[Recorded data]

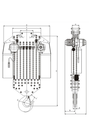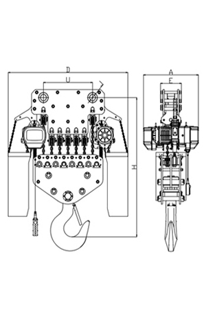 | 掛板式環(huán)鏈電動葫蘆(7.5T-50T) 尺寸參考: | ||||||||
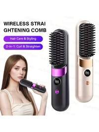 Cepillo alisador de cabello inalámbrico portátil, calentamiento rápido, apto para todo tipo de cabello, diseño anti-quemaduras, pantalla LED digital, recargable, ligero y portátil, apto para uso doméstico y de viaje, diseño de mango elegante, herramienta de peinado profesional, regalo ideal para mujeres, regalo de Navidad
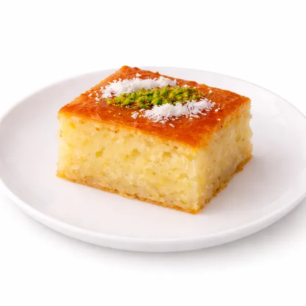 세몰리나 반죽으로 만든 케이크에 시럽을 적신 디저트
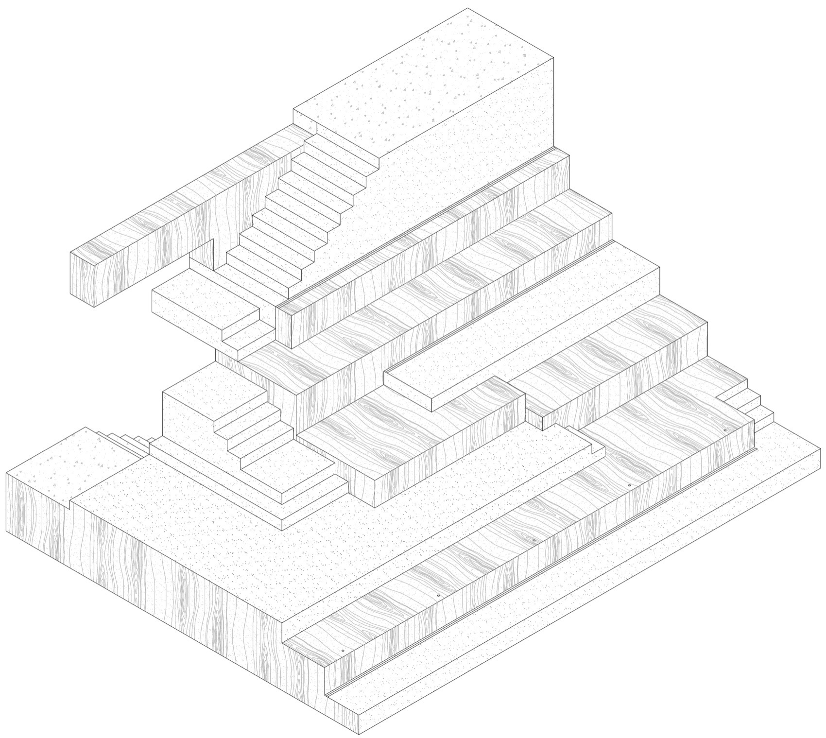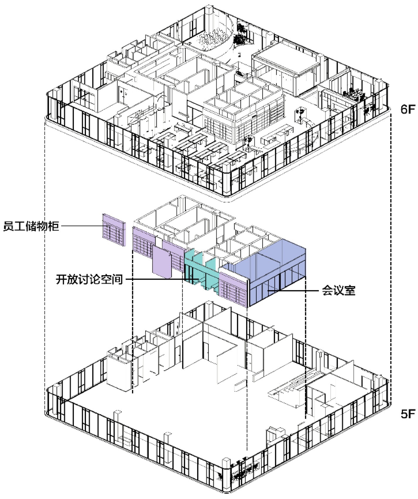 进入办公楼最先引人瞩目的是五楼和六楼连接的开放(会议室)大阶梯,大阶梯每个体块各异,我们设计之初就将他们分为abc三种类型的体块安插在大阶梯群中,目的是为了其承载更多功能,不仅可以容纳30-40人开会,也可以成为员工们临时讨论工作亦或是休闲,看书,聚会的场所
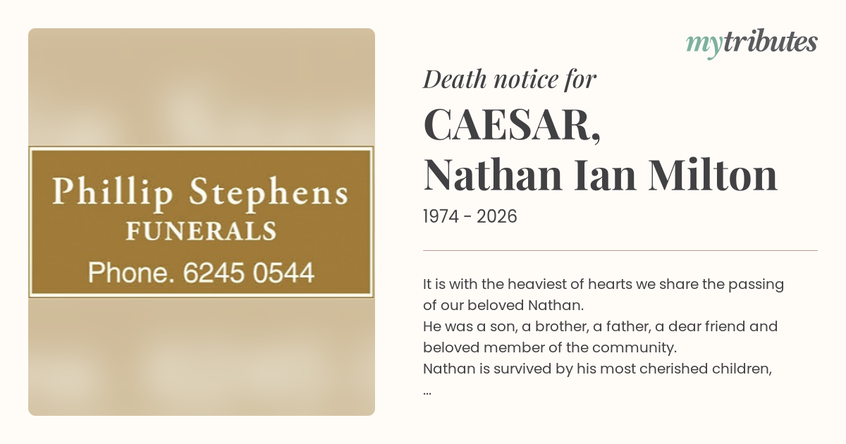 Nathan is survived by his most cherished children, Maxwell and Holly, siblings Maree, Tim and Regina, and parents Wendy and Ian.
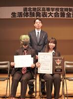 東高では、国語の授業で生徒全員が取り組んだ作文の中から選ばれた2名が大会に出場します。今回選ばれたのは1年斎藤さん「わたしが、はじまる」と4年佐藤さん「卓球台の傍で」です。当日、応援生徒達(全在学生)は、旭川市内の会場へ登校し、参加校6校全員の生活体験発表に耳を傾けます。審査の結果は斎藤さんが道北地区最優秀賞に選ばれ、全道大会への切符を手に入れました。2人とも、観客が引き込まれるような発表で、会場から惜しみのない感動の拍手をいただきました。ありがとうございました。

[YOUR OBJECTIVE]
Once the pictures are set aside, please output all the data word for word.

[ANSWER AREA]
 | 掛板式環(huán)鏈電動葫蘆(7.5T-50T) 尺寸參考: | ||||||||
 Cepillo alisador de cabello inalámbrico portátil, calentamiento rápido, apto para todo tipo de cabello, diseño anti-quemaduras, pantalla LED digital, recargable, ligero y portátil, apto para uso doméstico y de viaje, diseño de mango elegante, herramienta de peinado profesional, regalo ideal para mujeres, regalo de Navidad
 세몰리나 반죽으로 만든 케이크에 시럽을 적신 디저트
 进入办公楼最先引人瞩目的是五楼和六楼连接的开放(会议室)大阶梯,大阶梯每个体块各异,我们设计之初就将他们分为abc三种类型的体块安插在大阶梯群中,目的是为了其承载更多功能,不仅可以容纳30-40人开会,也可以成为员工们临时讨论工作亦或是休闲,看书,聚会的场所
 Nathan is survived by his most cherished children, Maxwell and Holly, siblings Maree, Tim and Regina, and parents Wendy and Ian.
 東高では、国語の授業で生徒全員が取り組んだ作文の中から選ばれた2名が大会に出場します。今回選ばれたのは1年斎藤さん「わたしが、はじまる」と4年佐藤さん「卓球台の傍で」です。当日、応援生徒達(全在学生)は、旭川市内の会場へ登校し、参加校6校全員の生活体験発表に耳を傾けます。審査の結果は斎藤さんが道北地区最優秀賞に選ばれ、全道大会への切符を手に入れました。2人とも、観客が引き込まれるような発表で、会場から惜しみのない感動の拍手をいただきました。ありがとうございました。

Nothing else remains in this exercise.